Problem description —
Take the entries below and reproduce exactly the portion that begins at the line containing "嵐のチケット当落発表日にあわ" and ends at the line containing "Wij bieden een", keeping both ends, dropping pictures, and adding nothing else.

Exercise data Block Start

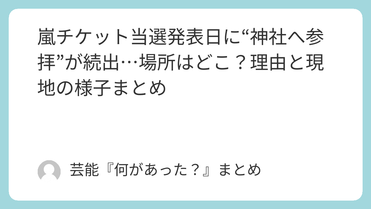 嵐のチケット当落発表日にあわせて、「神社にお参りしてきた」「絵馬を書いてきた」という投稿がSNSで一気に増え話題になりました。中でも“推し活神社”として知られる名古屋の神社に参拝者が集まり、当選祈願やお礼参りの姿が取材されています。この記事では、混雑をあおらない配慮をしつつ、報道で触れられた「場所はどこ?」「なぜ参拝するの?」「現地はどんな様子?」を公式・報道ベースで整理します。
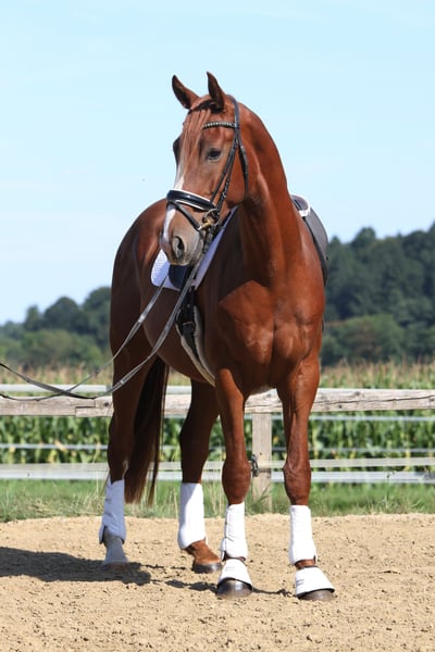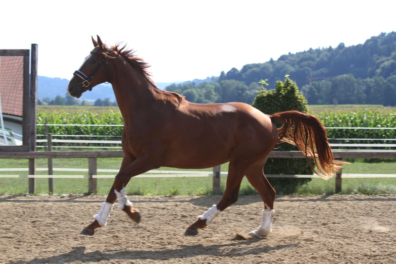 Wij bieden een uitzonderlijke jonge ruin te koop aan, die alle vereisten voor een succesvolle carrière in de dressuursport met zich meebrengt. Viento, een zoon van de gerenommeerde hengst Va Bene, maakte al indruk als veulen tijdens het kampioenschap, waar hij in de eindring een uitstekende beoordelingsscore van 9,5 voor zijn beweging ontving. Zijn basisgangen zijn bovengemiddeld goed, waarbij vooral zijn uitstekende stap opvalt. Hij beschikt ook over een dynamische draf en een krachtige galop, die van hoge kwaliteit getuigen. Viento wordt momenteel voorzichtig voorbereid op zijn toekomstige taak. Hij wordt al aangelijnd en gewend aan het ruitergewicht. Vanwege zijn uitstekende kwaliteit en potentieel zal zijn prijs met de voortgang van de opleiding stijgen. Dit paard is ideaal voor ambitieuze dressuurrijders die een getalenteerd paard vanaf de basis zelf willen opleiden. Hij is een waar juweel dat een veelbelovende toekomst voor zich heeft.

Exercise data Block End
Exercise data Block Start

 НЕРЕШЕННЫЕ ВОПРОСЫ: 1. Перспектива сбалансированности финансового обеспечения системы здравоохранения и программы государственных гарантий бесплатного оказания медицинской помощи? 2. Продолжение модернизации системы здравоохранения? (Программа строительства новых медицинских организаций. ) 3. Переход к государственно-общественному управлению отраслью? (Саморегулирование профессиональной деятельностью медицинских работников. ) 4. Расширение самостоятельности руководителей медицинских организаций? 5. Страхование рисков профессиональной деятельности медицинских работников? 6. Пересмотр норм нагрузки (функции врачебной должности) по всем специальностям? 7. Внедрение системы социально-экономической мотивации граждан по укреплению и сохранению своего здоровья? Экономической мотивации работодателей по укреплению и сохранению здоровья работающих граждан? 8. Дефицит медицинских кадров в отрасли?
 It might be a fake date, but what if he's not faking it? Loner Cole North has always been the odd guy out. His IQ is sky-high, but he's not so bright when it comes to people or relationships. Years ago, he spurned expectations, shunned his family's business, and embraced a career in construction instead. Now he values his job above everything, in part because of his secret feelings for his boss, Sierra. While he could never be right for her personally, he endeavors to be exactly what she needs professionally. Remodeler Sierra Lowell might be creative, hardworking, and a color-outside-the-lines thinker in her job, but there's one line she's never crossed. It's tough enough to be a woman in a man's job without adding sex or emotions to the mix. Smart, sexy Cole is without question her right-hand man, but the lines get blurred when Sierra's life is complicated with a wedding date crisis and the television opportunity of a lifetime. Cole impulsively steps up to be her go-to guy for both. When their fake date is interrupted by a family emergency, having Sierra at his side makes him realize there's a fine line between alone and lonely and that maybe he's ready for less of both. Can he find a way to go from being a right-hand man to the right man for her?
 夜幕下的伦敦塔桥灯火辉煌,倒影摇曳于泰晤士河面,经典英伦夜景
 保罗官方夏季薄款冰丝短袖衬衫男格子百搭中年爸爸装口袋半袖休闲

Exercise data Block End

Solution to this task —
 嵐のチケット当落発表日にあわせて、「神社にお参りしてきた」「絵馬を書いてきた」という投稿がSNSで一気に増え話題になりました。中でも“推し活神社”として知られる名古屋の神社に参拝者が集まり、当選祈願やお礼参りの姿が取材されています。この記事では、混雑をあおらない配慮をしつつ、報道で触れられた「場所はどこ?」「なぜ参拝するの?」「現地はどんな様子?」を公式・報道ベースで整理します。
 Wij bieden een uitzonderlijke jonge ruin te koop aan, die alle vereisten voor een succesvolle carrière in de dressuursport met zich meebrengt. Viento, een zoon van de gerenommeerde hengst Va Bene, maakte al indruk als veulen tijdens het kampioenschap, waar hij in de eindring een uitstekende beoordelingsscore van 9,5 voor zijn beweging ontving. Zijn basisgangen zijn bovengemiddeld goed, waarbij vooral zijn uitstekende stap opvalt. Hij beschikt ook over een dynamische draf en een krachtige galop, die van hoge kwaliteit getuigen. Viento wordt momenteel voorzichtig voorbereid op zijn toekomstige taak. Hij wordt al aangelijnd en gewend aan het ruitergewicht. Vanwege zijn uitstekende kwaliteit en potentieel zal zijn prijs met de voortgang van de opleiding stijgen. Dit paard is ideaal voor ambitieuze dressuurrijders die een getalenteerd paard vanaf de basis zelf willen opleiden. Hij is een waar juweel dat een veelbelovende toekomst voor zich heeft.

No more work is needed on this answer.